● Problem statement
Return the listing exactly as it appears, but strip out the images.

● Data
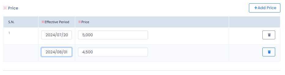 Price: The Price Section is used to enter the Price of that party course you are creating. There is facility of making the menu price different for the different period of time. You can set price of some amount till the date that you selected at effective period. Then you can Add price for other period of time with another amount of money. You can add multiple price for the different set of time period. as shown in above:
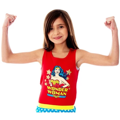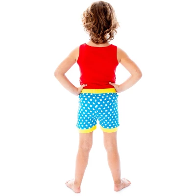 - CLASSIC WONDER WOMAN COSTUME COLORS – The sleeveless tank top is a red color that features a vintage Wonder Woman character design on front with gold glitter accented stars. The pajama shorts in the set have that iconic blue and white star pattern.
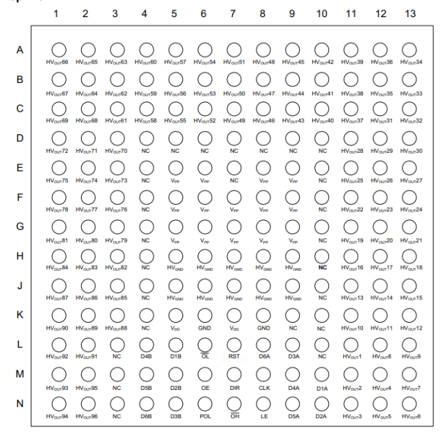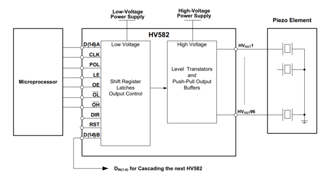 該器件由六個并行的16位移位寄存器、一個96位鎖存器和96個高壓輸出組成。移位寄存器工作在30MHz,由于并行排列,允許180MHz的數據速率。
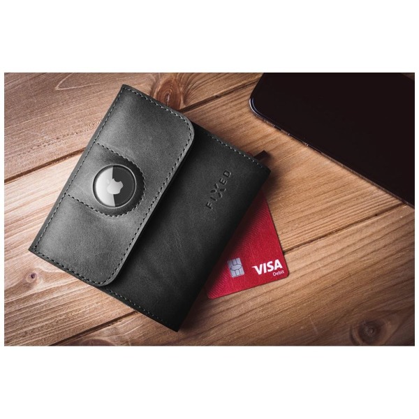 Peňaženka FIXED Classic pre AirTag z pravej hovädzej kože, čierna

● Problem solution
 Price: The Price Section is used to enter the Price of that party course you are creating. There is facility of making the menu price different for the different period of time. You can set price of some amount till the date that you selected at effective period. Then you can Add price for other period of time with another amount of money. You can add multiple price for the different set of time period. as shown in above:
 - CLASSIC WONDER WOMAN COSTUME COLORS – The sleeveless tank top is a red color that features a vintage Wonder Woman character design on front with gold glitter accented stars. The pajama shorts in the set have that iconic blue and white star pattern.
 該器件由六個并行的16位移位寄存器、一個96位鎖存器和96個高壓輸出組成。移位寄存器工作在30MHz,由于并行排列,允許180MHz的數據速率。
 Peňaženka FIXED Classic pre AirTag z pravej hovädzej kože, čierna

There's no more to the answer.